As I’m gathering up my lunch garbage, a little kid toddles up to my bench. Her mother calls to her, tells her to come back. She stops, swaying a bit on her l
egs, like she’s still getting used to them.
She looks at me, her eyes big and solemn, then takes a few wary steps in my direction and thrusts her fist out at me. She’s clutching something in it.
“Hey there,” I say to her. “What have you got?”
She uncurls her fingers one by one, until I can see it, lying flat on her fat little palm.
A feather, small and brown. From a sparrow.
40
“I heard from Dr. Becker today,” Dad says.

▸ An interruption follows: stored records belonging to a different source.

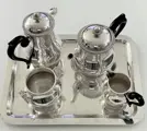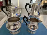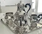 Prachtig vintage Ercuis servies (niet van Christofle Malmaison te onderscheiden). Subtiele, uitgebalanceerde, tijdloze ontwerpelementen terwijl de body van elk een strakke, spiegelachtige afwerking behoudt. Scharnieren, handgrepen, tuiten - allemaal functioneel/geen schade. Binnenkant duidt op zeer beperkt of geen daadwerkelijk gebruik. Gratis meegeleverde lade toont uitgebreid gebruik, maar geweldige vorm/vorm.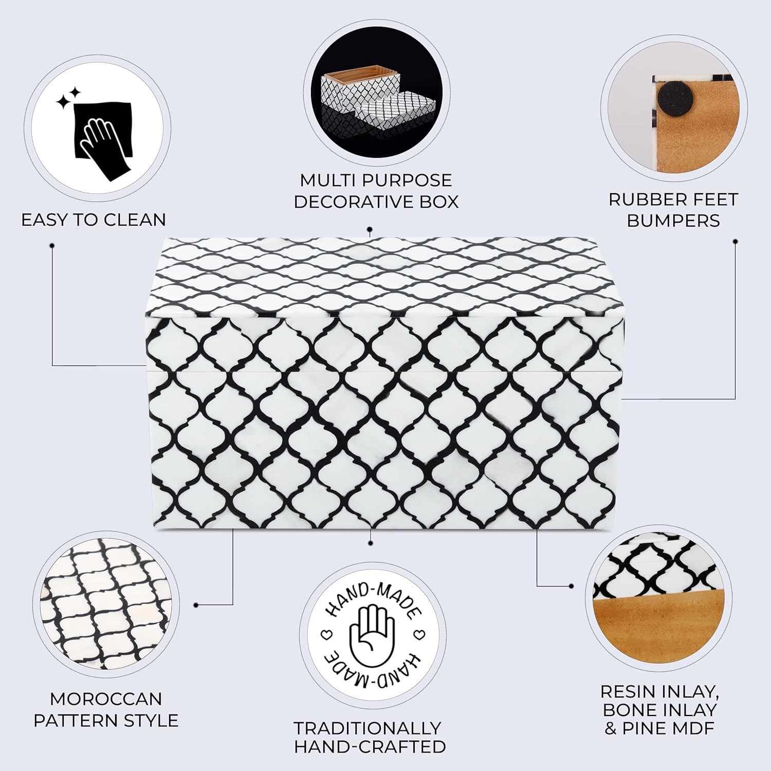 - Elegant Design: Crafted with intricate bone inlay patterns, resin accents, and a sturdy pine MDF frame, this decorative storage box brings sophistication and style to any room or decor.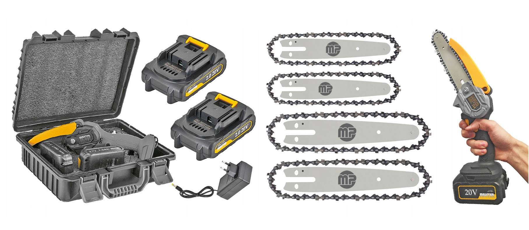 Piła łańcuchowa akumulatorowa pilarka 2x AKU 4 łańcuchy 4 prowadnice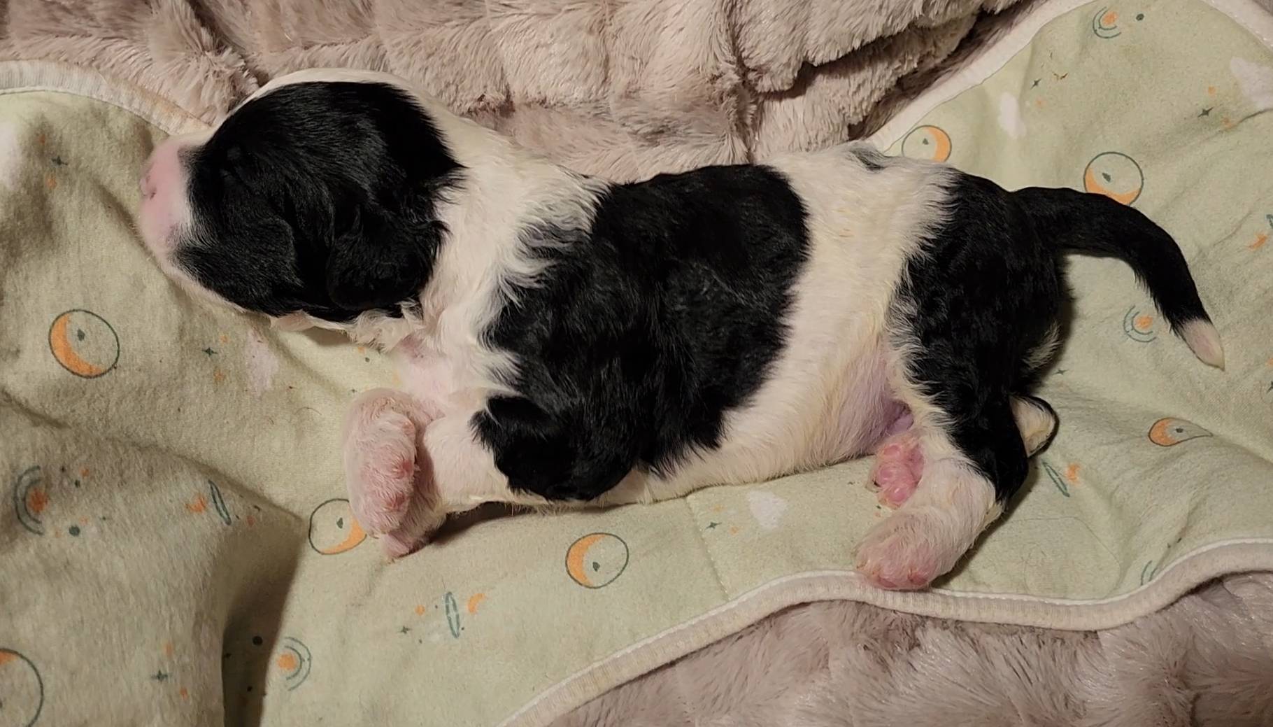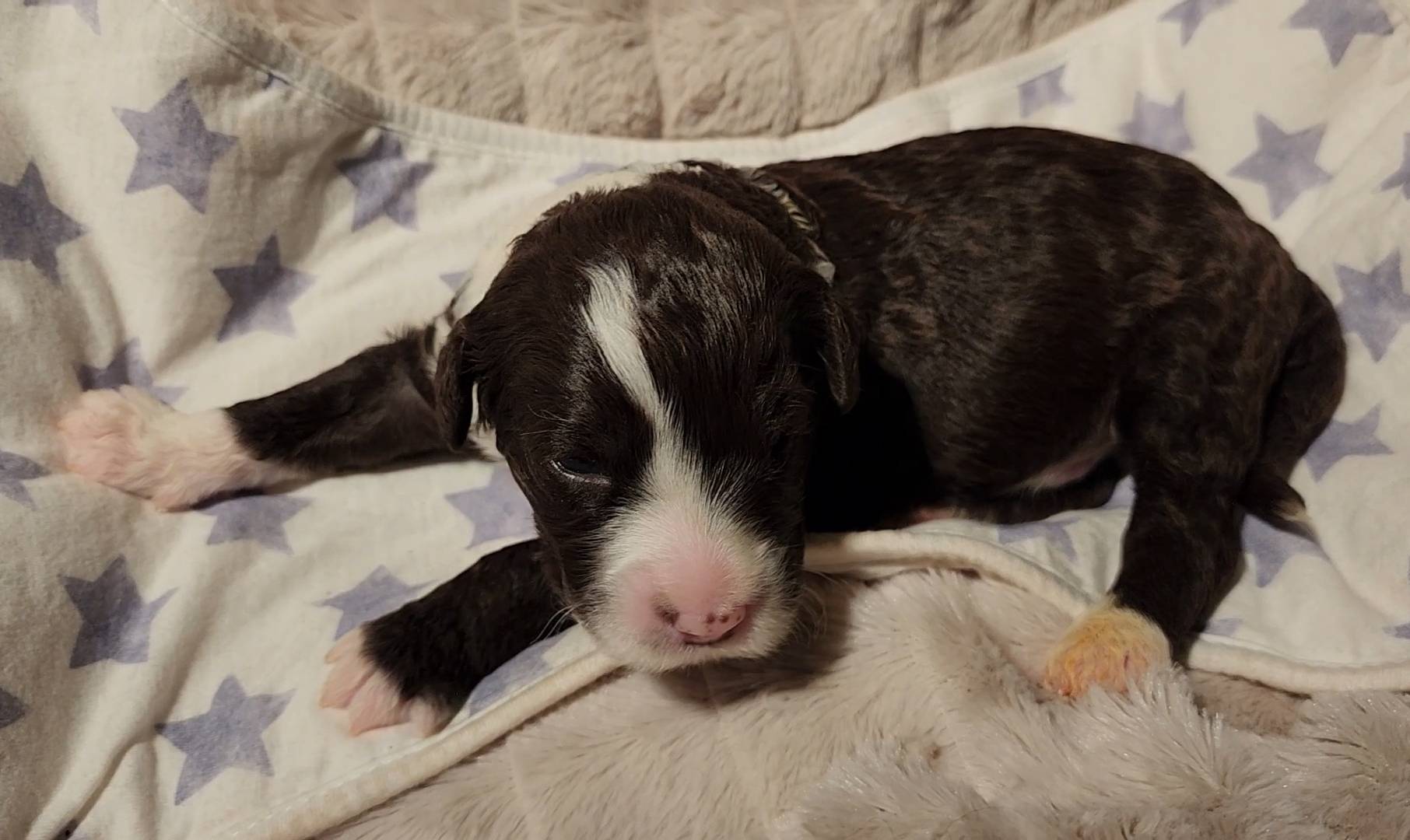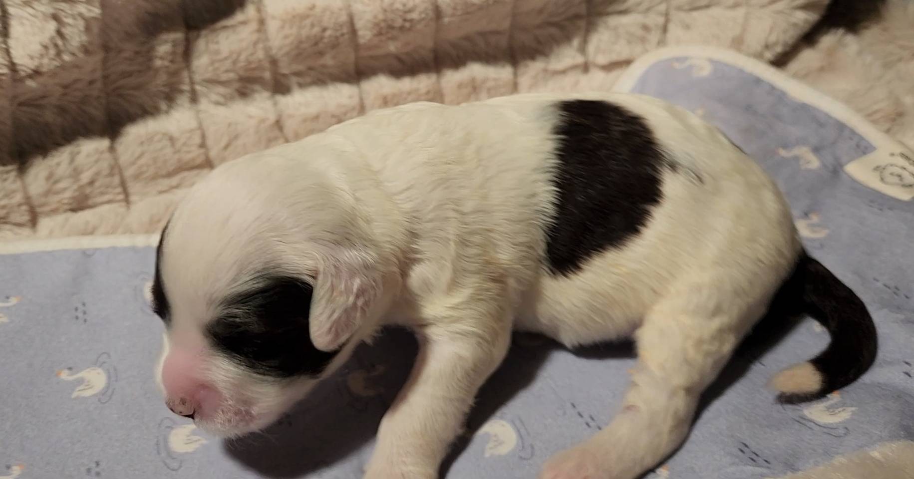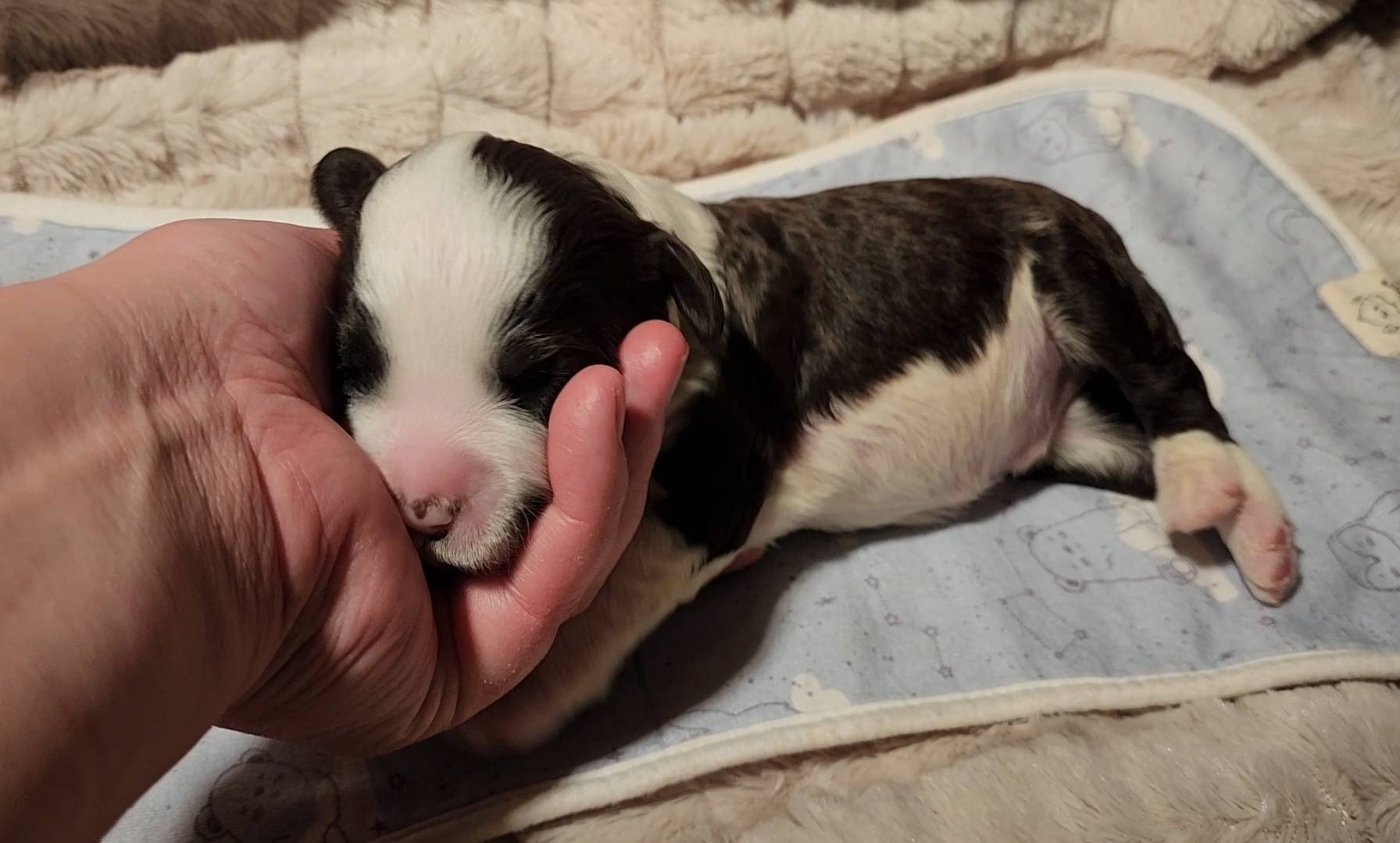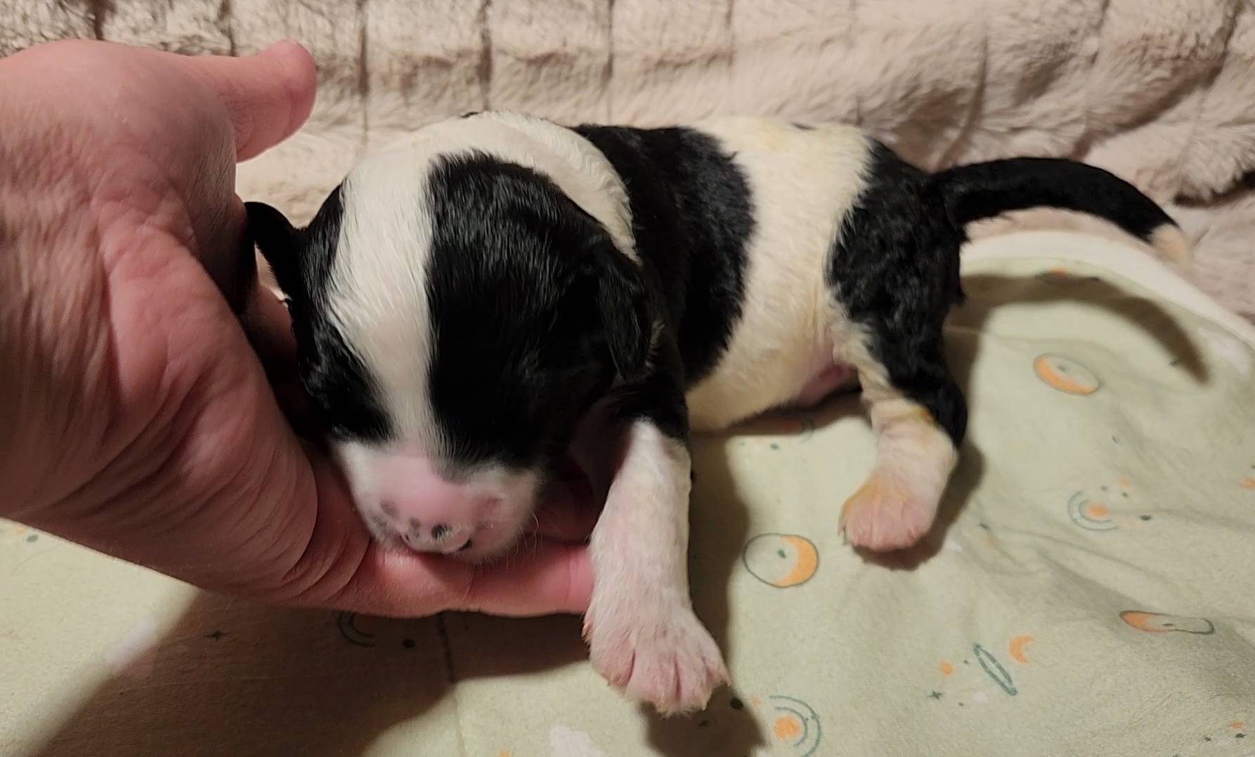 Born on 11/22, 2025, at 1:24pm, this boy is our only black parti puppy! He's a very handsome layout, in my opinion, reminds me a tuxedo with buttons so far, quite dashing (in my opinion). We're accustomed to pups being 'born in pairs,' followed by a bit more of a break, so to have him come in less than 20 minutes later was a welcome surprise - this his brother outdid him. This little boy, our only black parti coat, weighted in at 9.9oz.

I stop what I’m doing, which is Photoshopping a nose ring onto Beethoven, and look up.
“What did he say?”
“That your mother’s doing a bit better. She’s tolerating the new drugs. She’s eating and she’s participating in group therapy.”
“Did he say if we can talk to her yet?”
“He said give it another day or two.”
“Okay,” I say agreeably.
Sure. Why not? In fact, I’ll give it two—Saturday and Sunday. But on Monday I’ll be at the hospital. And then Dr. Becker will need every security guard in the place to keep me from talking to her.
“How are you doing on your outline, Andi?” he asks. “Are you making progress?”
“Yeah, I am. I’ve got a first draft. It still needs work, but it’s a start. And I’ve got a good chunk of the intro,” I say, smiling.
“That’s great,” he says, smiling back.
“Yeah,” I say. “How’s the testing going?”
“Quite well, actually. We’re hoping for results by Monday.”